Does this patch (from Mikael) help? It fixed my problem on a dual AMD
box running a UP + local APIC kernel.
Ion
--
It is better to keep your mouth shut and be thought a fool,
than to open it and remove all doubt.
--------------------------
--- linux-2.4.21-pre4/arch/i386/kernel/apic.c.~1~ 2003-02-23 15:55:31.000000000 +0100
+++ linux-2.4.21-pre4/arch/i386/kernel/apic.c 2003-02-23 16:03:50.000000000 +0100
@@ -649,7 +649,7 @@
}
set_bit(X86_FEATURE_APIC, &boot_cpu_data.x86_capability);
mp_lapic_addr = APIC_DEFAULT_PHYS_BASE;
- boot_cpu_physical_apicid = 0;
+ boot_cpu_physical_apicid = -1U;
if (nmi_watchdog != NMI_NONE)
nmi_watchdog = NMI_LOCAL_APIC;
@@ -1169,8 +1169,8 @@
connect_bsp_APIC();
- phys_cpu_present_map = 1;
- apic_write_around(APIC_ID, boot_cpu_physical_apicid);
+ BUG_ON(boot_cpu_physical_apicid != GET_APIC_ID(apic_read(APIC_ID)));
+ phys_cpu_present_map = 1 << boot_cpu_physical_apicid;
apic_pm_init2();
> I suspect the ESR is a red herring.
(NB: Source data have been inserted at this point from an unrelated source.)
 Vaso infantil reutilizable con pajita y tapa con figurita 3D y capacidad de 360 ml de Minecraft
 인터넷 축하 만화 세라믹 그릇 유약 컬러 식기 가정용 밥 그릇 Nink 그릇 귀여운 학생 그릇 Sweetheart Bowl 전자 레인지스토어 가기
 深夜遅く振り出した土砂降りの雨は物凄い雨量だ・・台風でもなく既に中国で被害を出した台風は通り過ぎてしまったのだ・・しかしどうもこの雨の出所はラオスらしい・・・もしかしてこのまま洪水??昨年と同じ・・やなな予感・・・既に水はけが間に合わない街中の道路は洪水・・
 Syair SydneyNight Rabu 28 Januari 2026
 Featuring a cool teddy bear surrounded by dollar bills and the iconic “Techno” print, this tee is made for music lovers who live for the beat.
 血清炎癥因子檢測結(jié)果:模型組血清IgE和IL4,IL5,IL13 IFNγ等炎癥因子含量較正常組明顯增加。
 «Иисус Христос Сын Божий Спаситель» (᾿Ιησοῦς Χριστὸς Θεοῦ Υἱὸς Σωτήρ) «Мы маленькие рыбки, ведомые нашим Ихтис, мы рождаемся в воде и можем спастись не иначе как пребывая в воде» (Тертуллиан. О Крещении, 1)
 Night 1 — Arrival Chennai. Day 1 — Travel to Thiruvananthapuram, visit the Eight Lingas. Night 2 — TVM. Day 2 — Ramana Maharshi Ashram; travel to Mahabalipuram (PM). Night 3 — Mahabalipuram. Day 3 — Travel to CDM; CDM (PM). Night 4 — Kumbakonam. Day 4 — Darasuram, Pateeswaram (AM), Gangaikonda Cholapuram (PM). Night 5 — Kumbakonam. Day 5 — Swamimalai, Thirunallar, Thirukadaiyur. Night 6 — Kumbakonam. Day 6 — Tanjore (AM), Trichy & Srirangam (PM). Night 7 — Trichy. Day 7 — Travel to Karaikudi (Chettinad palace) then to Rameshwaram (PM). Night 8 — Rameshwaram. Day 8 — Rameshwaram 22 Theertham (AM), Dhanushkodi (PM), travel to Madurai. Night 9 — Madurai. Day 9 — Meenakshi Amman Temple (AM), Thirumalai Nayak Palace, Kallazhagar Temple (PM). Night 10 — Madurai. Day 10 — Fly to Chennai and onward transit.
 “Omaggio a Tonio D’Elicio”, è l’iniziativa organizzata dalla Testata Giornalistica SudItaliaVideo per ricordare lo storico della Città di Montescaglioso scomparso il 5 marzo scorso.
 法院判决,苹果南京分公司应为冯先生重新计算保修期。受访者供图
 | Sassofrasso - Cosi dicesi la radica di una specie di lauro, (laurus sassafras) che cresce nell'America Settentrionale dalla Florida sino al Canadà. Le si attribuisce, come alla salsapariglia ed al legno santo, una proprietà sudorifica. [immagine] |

The problem is that the kernel
> assumes that the boot CPU is always CPU#0, and it also misprograms the
> boot CPU's APIC.
>
> What kind of SMP box is it (Intel/AMD)?
The boot cpu *is* always CPU#0. It may not be physical apicid 0, but that
matters not. as long as the mpstables are correct. And we should bug out if
it's not (which is pretty stupid anyway ... we know what the boot cpu ID
is, we should just warn). This is how I fixed it for kexec:
diff -urpN -X /home/fletch/.diff.exclude virgin/arch/i386/kernel/smpboot.c
nonzero_apicid/arch/i386/kernel/smpboot.c
--- virgin/arch/i386/kernel/smpboot.c Sat Feb 15 16:11:40 2003
+++ nonzero_apicid/arch/i386/kernel/smpboot.c Wed Feb 26 13:02:10 2003
@@ -951,6 +951,7 @@ static void __init smp_boot_cpus(unsigne
print_cpu_info(&cpu_data[0]);
boot_cpu_logical_apicid = logical_smp_processor_id();
+ boot_cpu_physical_apicid = hard_smp_processor_id();
current_thread_info()->cpu = 0;
smp_tune_scheduling();
On Wed, 26 Feb 2003, Martin J. Bligh wrote:
> The boot cpu *is* always CPU#0. It may not be physical apicid 0, but that
> matters not. as long as the mpstables are correct. And we should bug out if
> it's not (which is pretty stupid anyway ... we know what the boot cpu ID
> is, we should just warn). This is how I fixed it for kexec:
>
> diff -urpN -X /home/fletch/.diff.exclude virgin/arch/i386/kernel/smpboot.c
> nonzero_apicid/arch/i386/kernel/smpboot.c
> --- virgin/arch/i386/kernel/smpboot.c Sat Feb 15 16:11:40 2003
> +++ nonzero_apicid/arch/i386/kernel/smpboot.c Wed Feb 26 13:02:10 2003
> @@ -951,6 +951,7 @@ static void __init smp_boot_cpus(unsigne
> print_cpu_info(&cpu_data[0]);
>
> boot_cpu_logical_apicid = logical_smp_processor_id();
> + boot_cpu_physical_apicid = hard_smp_processor_id();
>
> current_thread_info()->cpu = 0;
> smp_tune_scheduling();
But this patch is for smpboot.c, which is not even compiled in for a UP
kernel...
Both Rusty and I had problems with a UP+APIC kernel running on an SMP box.
Ion
--
It is better to keep your mouth shut and be thought a fool,
than to open it and remove all doubt.
> But this patch is for smpboot.c, which is not even compiled in for a UP
> kernel...
>
> Both Rusty and I had problems with a UP+APIC kernel running on an SMP box.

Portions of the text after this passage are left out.